Compost Pile Reality

June 1, 2014 

Dear friends,

If I were more technically skillful I would send you two pictures from my Plant ICU at Lilac Place. Since I do not know how to do this, you will have to make your own virtual pictures from the words that I send. In some senses, while a limitation, I suspect that this may also be a good thing.

The present condition of the Lazarus Plants is astonishing. Each bulb as you may remember emerged from its garage grave showing life only as some sickly-white, distorted leaf-like growth leaning helplessly against the edge of the pot. This morning all of them are vigorously displaying at least five inches of standing green leaves! Four of the six bulbs are showing as well some delicate new growth emerging from the crown. 

I plan to move the Lazarus Plants tomorrow from the ICU in the shelter of the lilac bush to the shelves on the west porch. The porch is less protected than the Lilac ICU. It is, however, a semi-safe place where I can keep a watchful eye on them while the Lazarus Plants pursue their own life processes with minimal help from me.

Sounds like a success story, doesn’t it—the kind of story we like: LOTS of danger, great risk, but, at last, a happy ending in which life triumphs over death. 

Because we all (myself specifically included) like stories with uncomplicated happy endings, I was tempted to write today only about the remarkable recovery of the Lazarus Plants.  But I think you readers expect me to be fair—or at least as fair as I am able to be—and in the interest of full disclosure, a fair report from Lilac ICU requires two pictures.

There is the Lazarus Plant portrait of Life Triumphant. But there is, however, the second picture, that of the seriously ill begonia. Unlike the Lazarus Plants, the tide of life for the begonia, so to speak, is moving out, not in.

The begonia is near death. All remaining leaves have fallen. The slight green tinge once apparent in the central trunk has steadily turned brown. The stems themselves have begun to shrink and dry. The begonia's beauty has gone, and, following it, life itself is now going away.

On Monday I will move the Lazarus Plants to the west porch shelves in their journey of life. On Monday I will pull the begonia from its pot, and deposit the remains in the compost pile.

Most of us have a strong preference for cheerful thinking. This preference contributes to resilience, and is a good habit related to hope and survival. 

Humanly, we prefer to think about the Lazarus Plants, then stop thinking on the note of that happy ending. Thinking about the begonia and the compost pile is certainly less cheerful (at least initially). And, further, thinking only about the Lazarus Plants happy-ending story is much easier than the complex task of thinking about BOTH the Lazarus Plants AND the begonia together in the same space. We often vote for the easy-and-cheerful over complex, Easter-shaped reality. But in this incident, limiting thinking to the cheerful Lazarus Plant story risks losing another epiphany that is simultaneously present in the Lilac ICU.

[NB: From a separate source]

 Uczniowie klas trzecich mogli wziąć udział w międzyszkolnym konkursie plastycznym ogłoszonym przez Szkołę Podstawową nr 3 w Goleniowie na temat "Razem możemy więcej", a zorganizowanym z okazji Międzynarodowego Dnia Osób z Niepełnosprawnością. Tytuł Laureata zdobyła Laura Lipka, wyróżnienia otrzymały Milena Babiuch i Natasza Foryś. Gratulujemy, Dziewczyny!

In addition to the Lilac ICU, there is a warm spot on my kitchen counter where diffused light floods through the sheer material that curtains the window. Tucked out of sight in that corner from time to time I place a vase in which plant cuttings, given time, water, and light, form roots, and, with my assistance, eventually move on into life and bloom in a pot of good soil.  

Cuttings from the dying begonia stem are in that vase in the kitchen. I can’t tell yet if these cuttings will root or rot. Monday’s tasks for me include consulting the plant doctor at my local nursery. Perhaps begonia cuttings require sand for rooting rather than water. Plants, like people, have different requirements for sustaining life.

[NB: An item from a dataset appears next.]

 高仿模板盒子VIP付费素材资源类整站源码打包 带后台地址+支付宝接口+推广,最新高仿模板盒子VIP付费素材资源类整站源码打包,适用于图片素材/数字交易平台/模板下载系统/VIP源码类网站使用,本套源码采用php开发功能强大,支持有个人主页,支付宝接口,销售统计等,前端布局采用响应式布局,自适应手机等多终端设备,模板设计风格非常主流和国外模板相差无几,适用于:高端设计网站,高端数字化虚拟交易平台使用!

As I partner with my plants in their journeys, I am often aware that at best I have insufficient understanding of their needs. But at times I also know that what I am experiencing is a tension related to the ebb and flow of life itself, and is not about my competence. With the begonia, for example, I experience something like being nurse both to the parent dying in adult ICU, and, simultaneously, attending to a premature baby struggling to live removed from the mother's life-support system. 

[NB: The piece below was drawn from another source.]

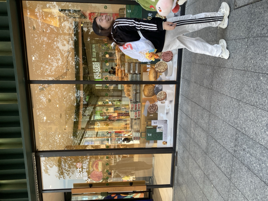 - "A young East Asian female is depicted walking from left to right on a grey granite-tiled sidewalk outside a retail establishment in Tianhe District, China" by FM-y52303, licensed under CC BY 4.0

As the Old Teacher reminds us in Ecclesiastes, wisdom understands human existence as life and death. The very structure of life itself makes either-or thinking a rather absurd denial. We cannot experience life clear-eyed without seeing the compost pile.

However, living in gentle peace with the reality of the compost pile requires that we hold the Easter reality as well in both its forms. Life is powerful, and defies death; we need to see and trust the reality that the Lazarus Plants teach. But we need to see too death's parallel savage reality--there is also the begonia and the compost pile. 

People who are Easter folk at heart see both realities with unconflicted clarity. But they do so because they know something that can't be seen from the porch: the begonia cuttings are already sprouting tiny new leaves in the kitchen window light.

Thinking with you today that we are likely to experience more epiphanies if we reduce our insistence that they appear in an easy simple form.